The court heard police only interviewed C six months after the date of the alleged attack. Following the no-prosecution decision, her family lodged a complaint with the police ombudsman.
In 2009 the watchdog recommended at least two police officers be subjected to disciplinary sanctions over how the case was handled.
What are the ombudsman’s findings?
The ombudsman concluded that the PSNI investigation was neither full nor proper and did not meet the basic principles of investigation.
He also found:
- Officers initially visited the location of the suspected sex attack, but did not seize any possible CCTV footage or conduct house-to-house inquiries for further witnesses;
- Police failed to follow up claims that C may have received text messages asking her not to proceed with her allegations;
- No initial statements were taken from those who were with the woman on the night in question, or from anyone in the taxi firm she used to get home.
Chief constable at the time Hugh Orde wrote to the woman’s family apologising and stating that she had suffered a “horrendous attack”.
Since then new guidelines have been produced and a specialist rape-crime unit introduced.
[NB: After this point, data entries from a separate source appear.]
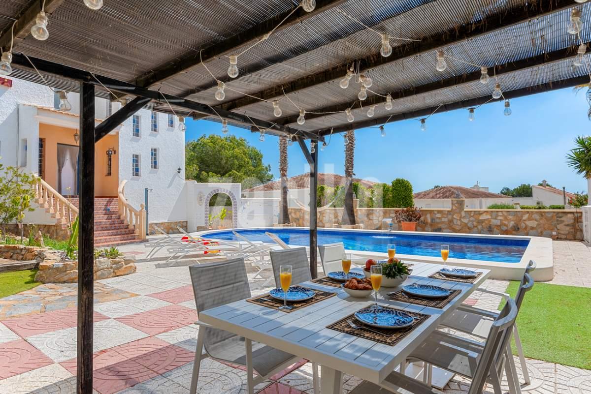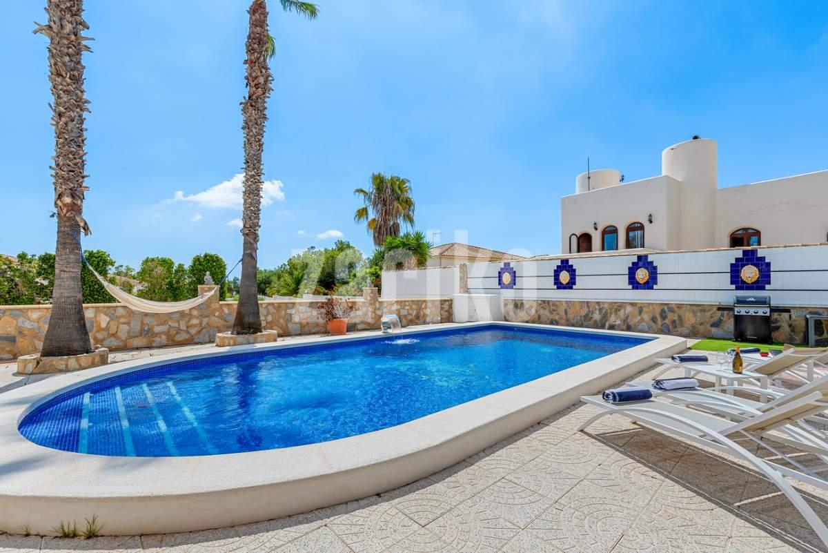 En venta: una villa excepcional en Pinar de Campoverde (Ref: YC9101), que ofrece tanto lujo como potencial de inversión.La propiedad cuenta con 4 amplios dormitorios y 3 baños modernos, una piscina privada de 13x5m con cascada y efecto de cielo estrellado, y un solárium con vistas panorámicas al mar y a las montañas. La villa se encuentra en una parcela ajardinada de 1100m², lo que garantiza total privacidad y mucho espacio para disfrutar al aire libre. Varias terrazas, tanto soleadas como sombreadas, ofrecen el entorno perfecto para relajarse, recibir invitados o disfrutar en familia.En el interior encontrará un salón luminoso y acogedor, una cocina totalmente equipada y acceso directo al jardín y la piscina. La propiedad combina comodidad y elegancia, por lo que es adecuada como residencia permanente, casa vacacional familiar o inversión rentable en alquiler.Una ventaja importante es que esta villa cuenta con una licencia de alquiler turística activa, lo que permite al nuevo propietario alquilar la vivienda legalmente y generar ingresos de inmediato. Esto la convierte en una opción muy atractiva para los inversores que buscan rentabilidad en una de las zonas costeras más populares de España.Situada en la Costa Blanca Sur, la villa está cerca de las ciudades de Alicante, Murcia, Torrevieja y Cartagena, así como de las playas del Mediterráneo, a solo unos minutos en coche. La zona ofrece excelente infraestructura, aeropuertos internacionales, campos de golf y sol durante todo el año.Ref: YC9101 – Una oportunidad única de adquirir una villa de lujo con licencia de alquiler en la Costa Blanca.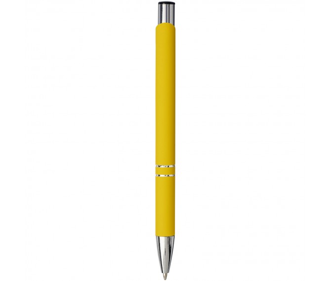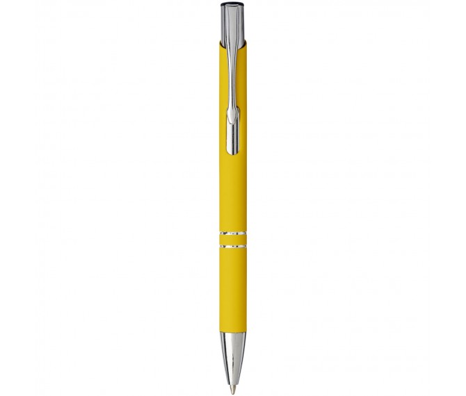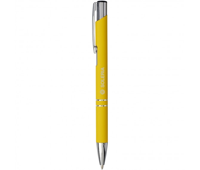 De rubberen coating geeft de pen een zachte touch, en zodra de zilveren onderlaag van de pen met een laser gegraveerd is, wordt de zilveren onderlaag van de pen zichtbaar. Balpen met klikmechanisme met zwarte rubberen coating en verchroomde afwerking en zwarte ABS bovenkant. Het uitgebreide en populaire Moneta-assortiment is verkrijgbaar in vele verschillende stijlen en afwerkingen.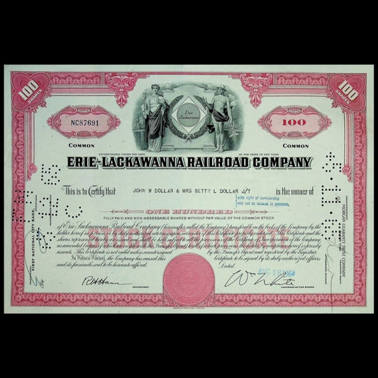 20 世纪 50 年代匹兹堡和伊利湖铁路公司股票证书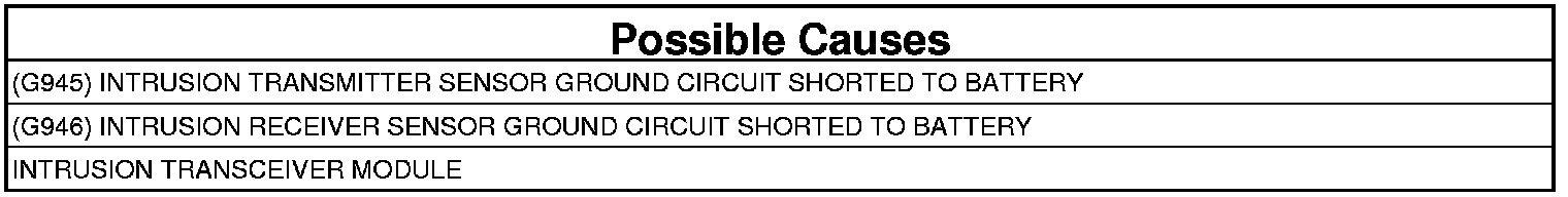 - Repair the (G946) Intrusion Receiver Sensor Ground circuit for a short to voltage.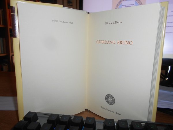 MICHELE CILIBERTO. Bari, Gius. Laterza & Figli, 1990. GIORDANO BRUNO. In-8° piccolo, tela edit. con sovracopertina. 306, (1), 11 pp. di pubblicità editoriale. Come nuovo. Prima dell' acquisto chiedere se disponibile. Grazie. Neg. mob. rosso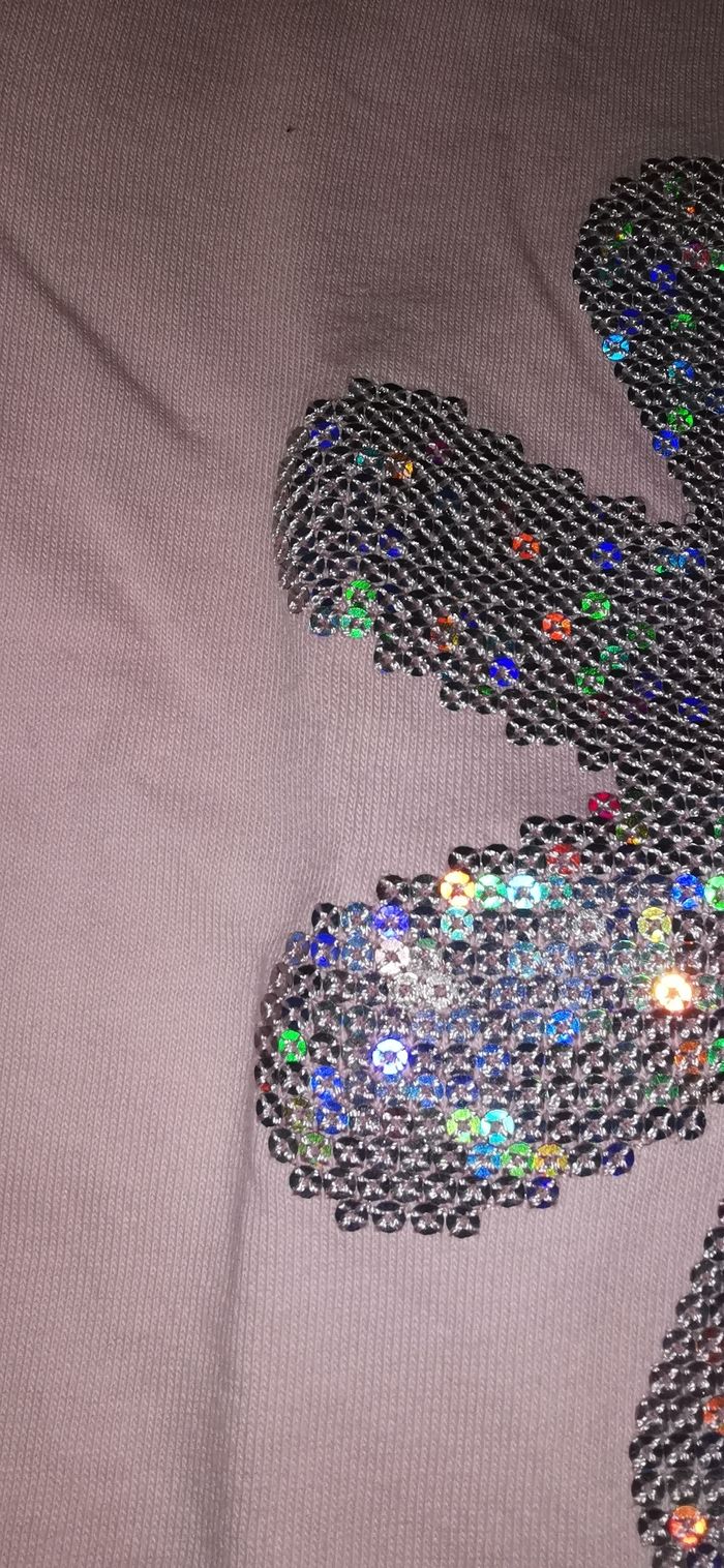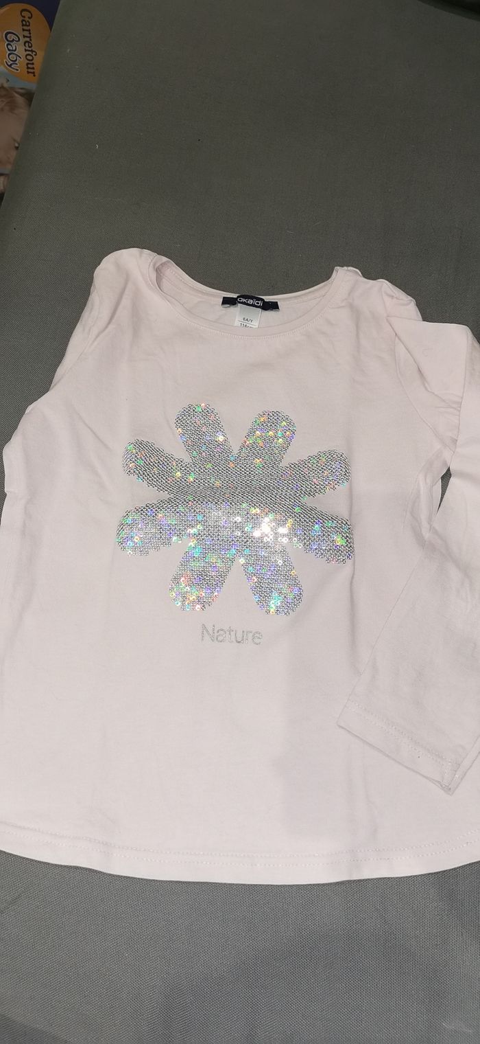 Tee shirt manche longue rose pâle avec fleur en sequins brillants comme neuf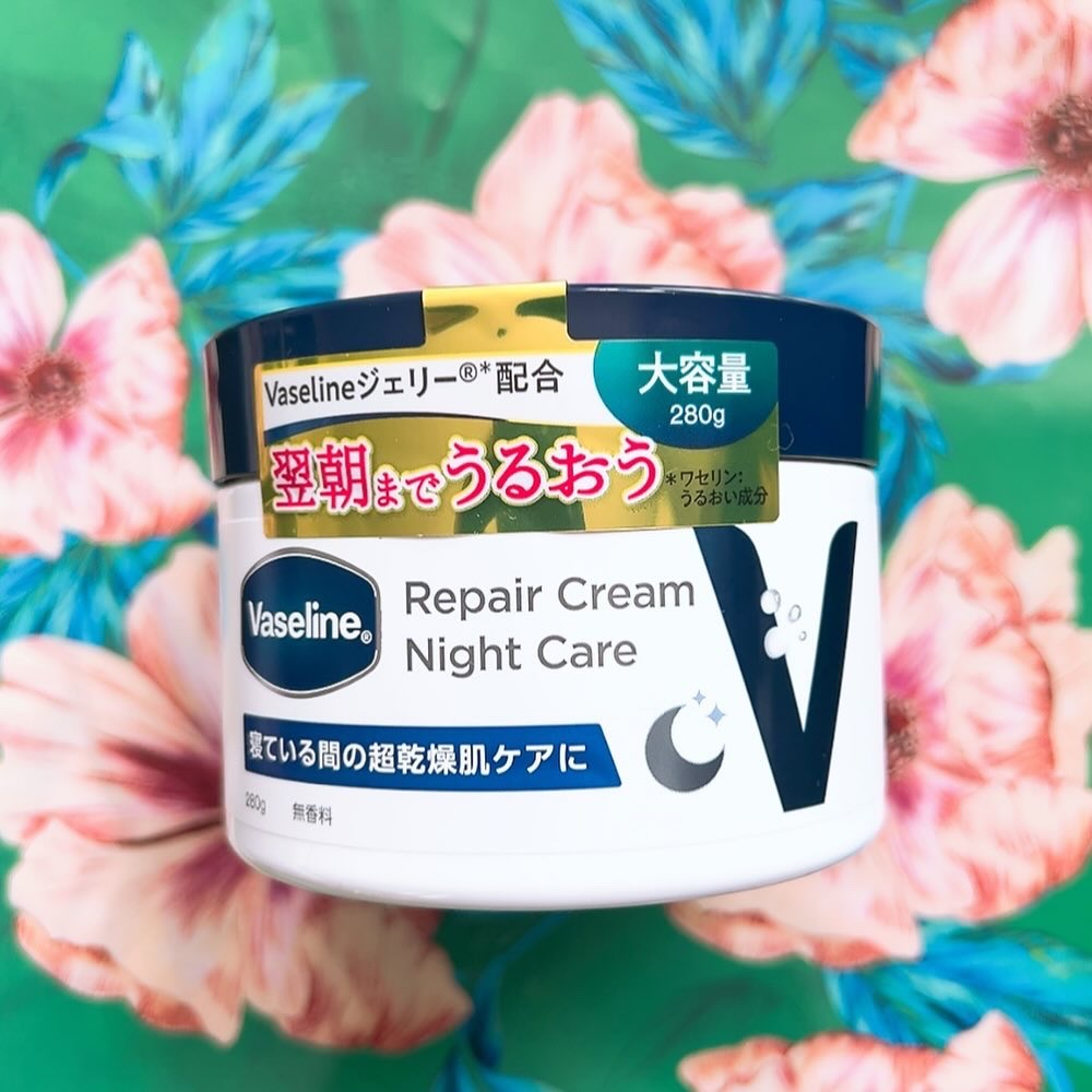 ヴァセリンから、超乾燥肌向けのナイトクリームが登場! レチノールや4種のヒアルロン酸配合。 べたつかずにスーッと肌になじむクリームが、超乾燥肌にも浸透し、うるおいを与えます。 朝まで潤ってすべすべ♪なんか膜がある感じじゃないのが私好みです🥰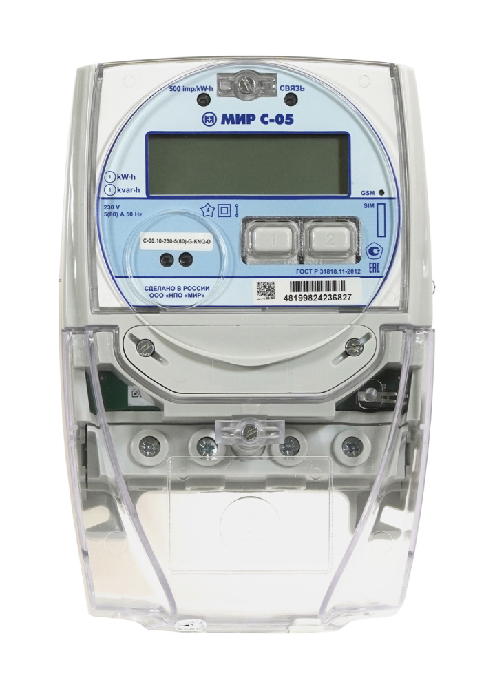 МИР С-07.05S-230-5(10)-R-S2T2LQ-D обеспечивает учёт активной электроэнергии в трёхфазных сетях 3×230/400В при трансформаторном включении. Ток 5(10)А, класс точности 0,5S.

Ruling on the action, the judge found the woman had been the victim of a serious sexual assault where no consent was given. He identified a delay in conducting and achieving best-evidence interview, adding that several of the ombudsman’s criticisms of the police investigation were justified.
“The operational failings in this case cannot be described as minor or insignificant,” said the judge. “These failings occurred against a background of systemic shortcomings in relation to training.”